++++ GIVEN RECORDS ++++

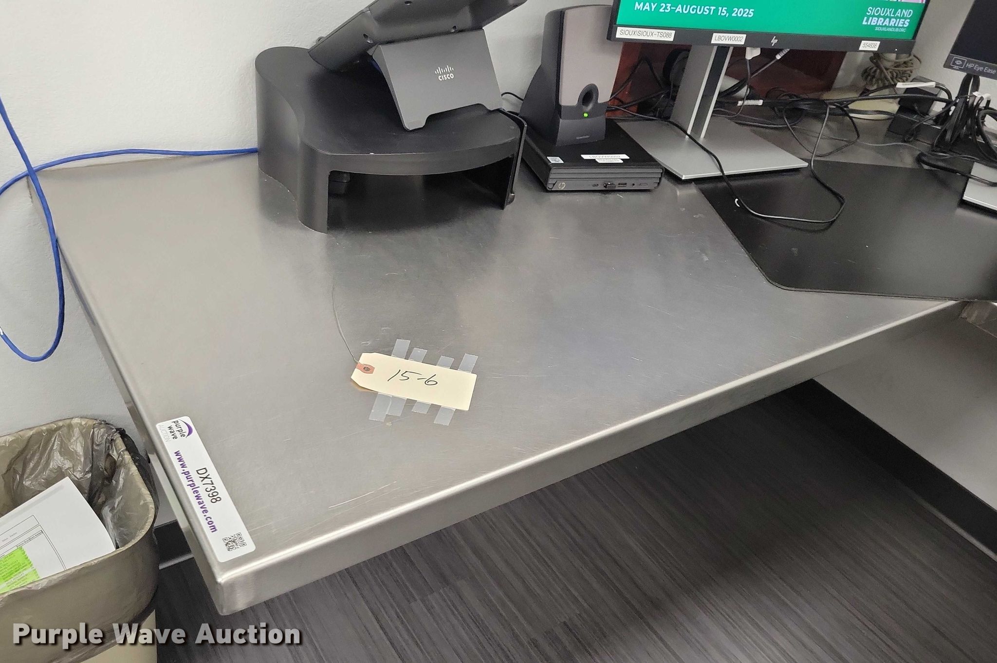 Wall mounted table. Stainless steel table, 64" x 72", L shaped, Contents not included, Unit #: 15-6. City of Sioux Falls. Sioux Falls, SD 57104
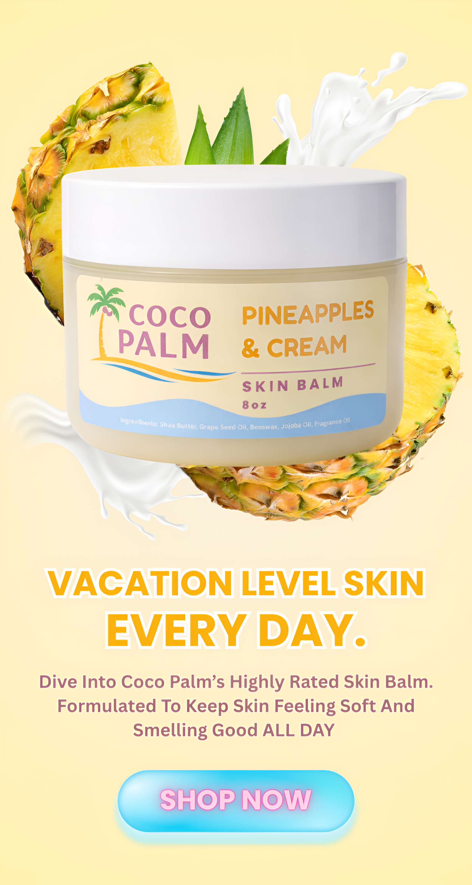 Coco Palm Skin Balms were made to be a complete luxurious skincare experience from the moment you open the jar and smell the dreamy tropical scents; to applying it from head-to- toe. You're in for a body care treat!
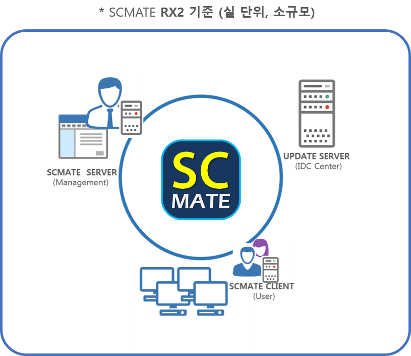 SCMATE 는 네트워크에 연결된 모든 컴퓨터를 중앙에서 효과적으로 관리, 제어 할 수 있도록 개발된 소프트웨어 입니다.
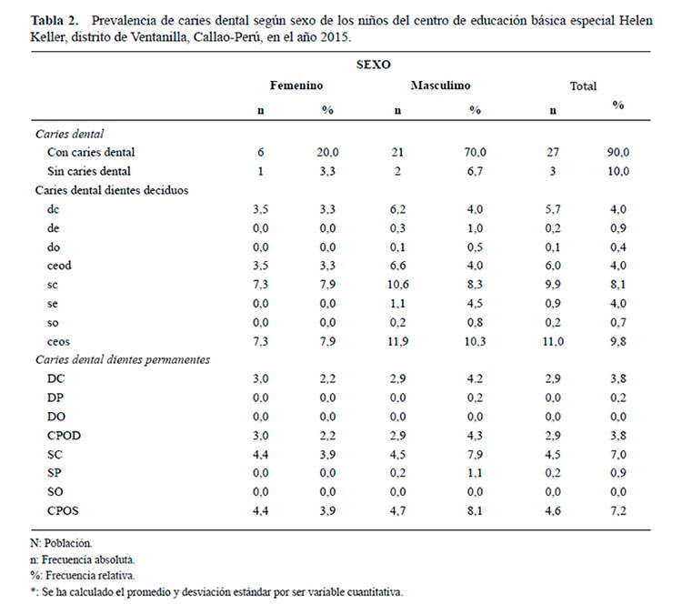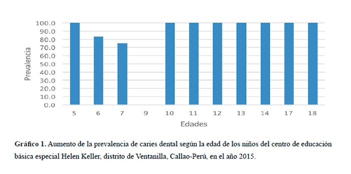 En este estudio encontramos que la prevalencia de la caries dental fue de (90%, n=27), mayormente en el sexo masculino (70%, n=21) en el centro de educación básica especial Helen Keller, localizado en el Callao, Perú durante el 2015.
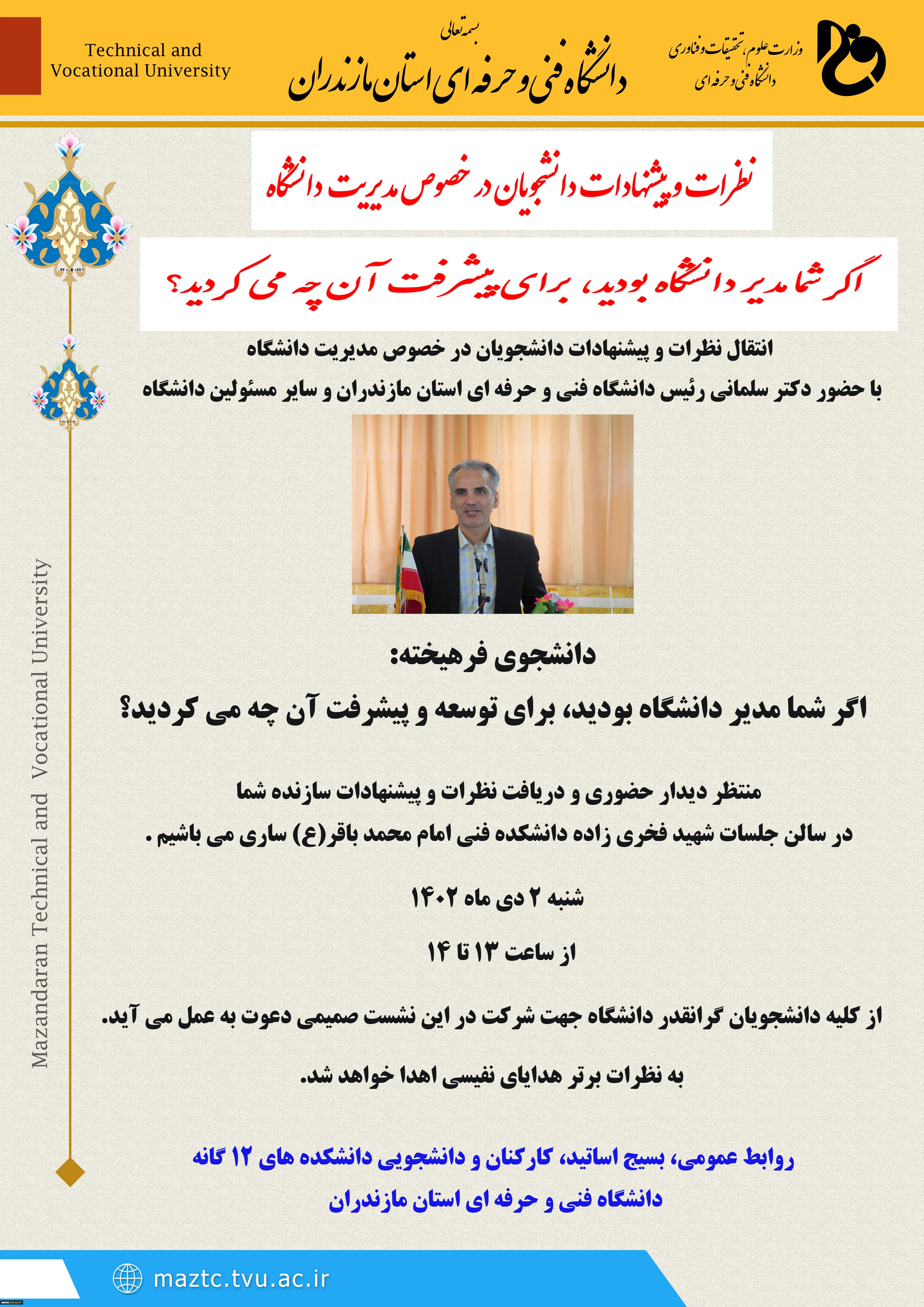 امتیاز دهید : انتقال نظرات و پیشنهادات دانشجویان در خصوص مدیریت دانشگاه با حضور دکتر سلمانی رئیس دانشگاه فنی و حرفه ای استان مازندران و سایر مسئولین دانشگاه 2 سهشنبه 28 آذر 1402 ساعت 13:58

++++

WORK TO COMPLETE: An exact copy of the data above is required, printed without its pictures.

COMPLETED TASK:
 Wall mounted table. Stainless steel table, 64" x 72", L shaped, Contents not included, Unit #: 15-6. City of Sioux Falls. Sioux Falls, SD 57104
 Coco Palm Skin Balms were made to be a complete luxurious skincare experience from the moment you open the jar and smell the dreamy tropical scents; to applying it from head-to- toe. You're in for a body care treat!
 SCMATE 는 네트워크에 연결된 모든 컴퓨터를 중앙에서 효과적으로 관리, 제어 할 수 있도록 개발된 소프트웨어 입니다.
 En este estudio encontramos que la prevalencia de la caries dental fue de (90%, n=27), mayormente en el sexo masculino (70%, n=21) en el centro de educación básica especial Helen Keller, localizado en el Callao, Perú durante el 2015.
 امتیاز دهید : انتقال نظرات و پیشنهادات دانشجویان در خصوص مدیریت دانشگاه با حضور دکتر سلمانی رئیس دانشگاه فنی و حرفه ای استان مازندران و سایر مسئولین دانشگاه 2 سهشنبه 28 آذر 1402 ساعت 13:58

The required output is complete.